Triple Exponential Moving Average (TE M A)
This is a powerful addition to your MetaTrader 5 toolkit designed to optimize market analysis and performance. This technical indicator acts as a specialized analysis tool designed to visualize market data. It helps traders identify emerging trends, momentum shifts, and key support or resistance levels by plotting statistical calculations directly onto price charts.
How to Setup and Use Triple Exponential Moving Average (TE M A)
1. Installation: Place your file in the MQL/Indicators folder via "Open Data Folder" and restart your terminal.
2. Loading: Find the indicator in the Navigator, drag it onto your chart, and configure the input parameters in the popup window.

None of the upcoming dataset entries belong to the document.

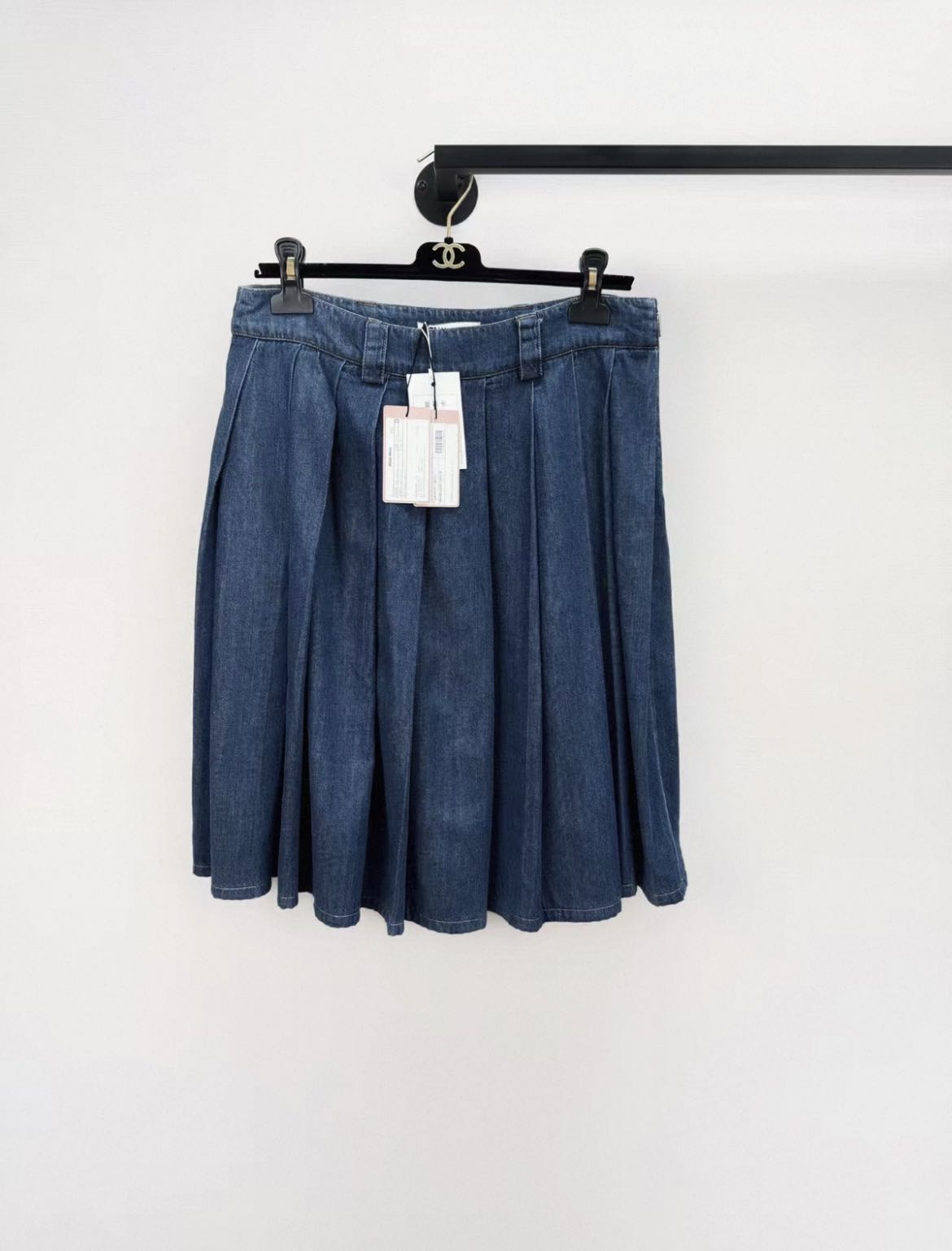 Miu Miu pleated denim mini skirt Brand new Size 38 Authenticity guaranteed. Every item is 100% genuine, carefully inspected before shipping, and exactly as shown in the photos. Shipping and delivery. Orders are processed within 3-6 business days, then packed and shipped worldwide via DHL, UPS, USPS, FedEx. Order Cancellation & Returns. All sales are final. We do not accept cancellations or returns except in cases where the item is proven inauthentic or not as described. Enjoy the style, enjoy the experience, and thank you for shopping with Devines.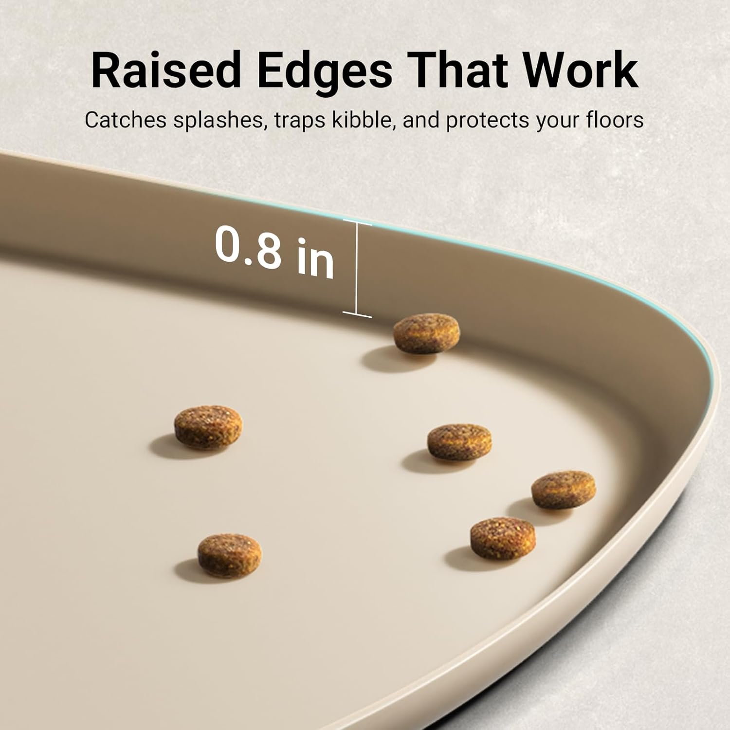 - Stop Messes, Start Happy Mealtimes: Designed with a 0.8inch high rim around all sides, the pet food mat keeps spills, water splashes, and food crumbs securely contained. The dog water mat keeps floors dry and giving messy eaters freedom to enjoy food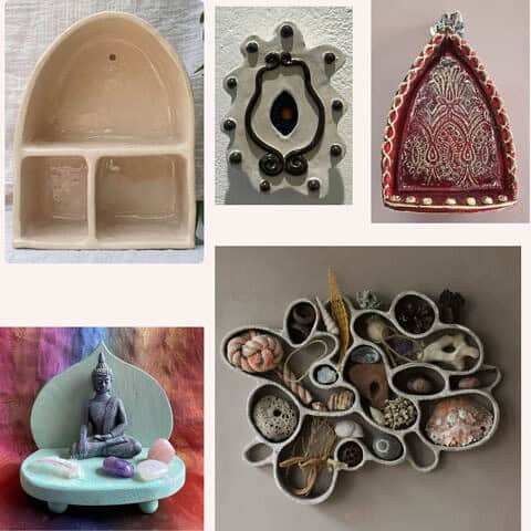 Een (huis)altaar kan een plek zijn waar je wat mooie spulletjes verzamelt en misschien een kaars laat branden. Een klein rustpuntje in je huis, een speciaal plekje met aandacht voor geliefden, mooie vondsten of een bijzondere herinnering. In deze tweedaagse workshop gaan we een altaartje maken van keramiek.

3. Customization: Press Ctrl+I to open the indicator list, select your tool, and click "Properties" to change colors, levels, or visual styles.
4. Updating: Replace the old file in the Indicators folder with the new version and restart the platform to apply changes.
Frequently Asked Questions
Q: Why is my indicator not showing? A: Verify the file is in the MQL/Indicators folder, or try right-clicking the "Indicators" tree in the Navigator and clicking "Refresh."
Q: Do custom indicators slow down the platform? A: Too many complex indicators can impact performance; remove unused ones via the "Indicator List" (Ctrl+I).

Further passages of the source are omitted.